Optimizing artificial lift in the Bokor field

Feb. 1, 2010
As production declines and water cut increases, wells are often converted from gas lift to electrical submersible pumps (ESPs). ESPs are an attractive alternative since they can achieve lower bottom-hole flowing pressures, providing opportunities for accelerated production and improved recovery.
Malaysia’s first ESPs

Maharon Jadid, Mahmoud Wahba - Petronas Carigali

Dan Saenz - Schlumberger

As production declines and water cut increases, wells are often converted from gas lift to electrical submersible pumps (ESPs). ESPs are an attractive alternative since they can achieve lower bottom-hole flowing pressures, providing opportunities for accelerated production and improved recovery.

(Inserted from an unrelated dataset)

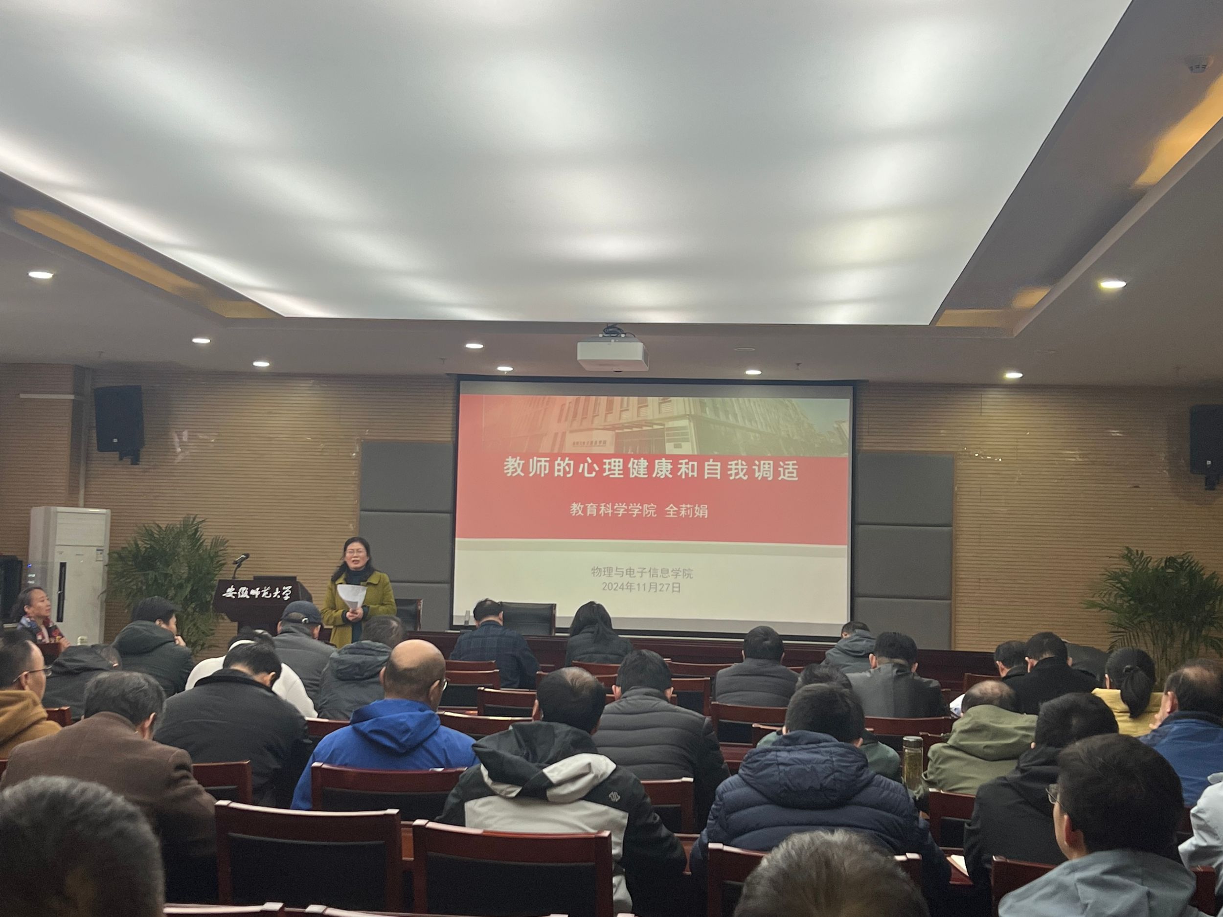 会上,省心理学会副秘书长、教育科学学院心理学副教授、硕士生导师全莉娟受邀为全体教职工作题为《教师的心理健康和自我调适》专题辅导报告。全老师的讲座非常精彩,深情并茂,通俗易懂,详细分析了压力来源,全面介绍了自我调适的科学方法,全院教职工深受启发,获益匪浅。李娟领学了习近平总书记给中国海洋大学全体师生的重要回信、致中山大学建校100周年的重要贺信精神和对广东珠海市驾车冲撞行人案件作出的重要指示精神,与会人员集中学习了《工业和信息化部 教育部 科技部关于向“时代楷模”杨士莪同志学习的决定》文件精神。

A study of the Bokor oilfield, offshore Malaysia, applied a rigorous process to identify three trial wells that likely would benefit from alternative artificial lift technologies to replace or augment existing gas lift systems. ESPs were selected based on their capacity for additional production, reliability, and flexibility to handle the complex reservoirs. ESPs are widely used worldwide, particularly offshore; however, this would be their first application in Malaysia.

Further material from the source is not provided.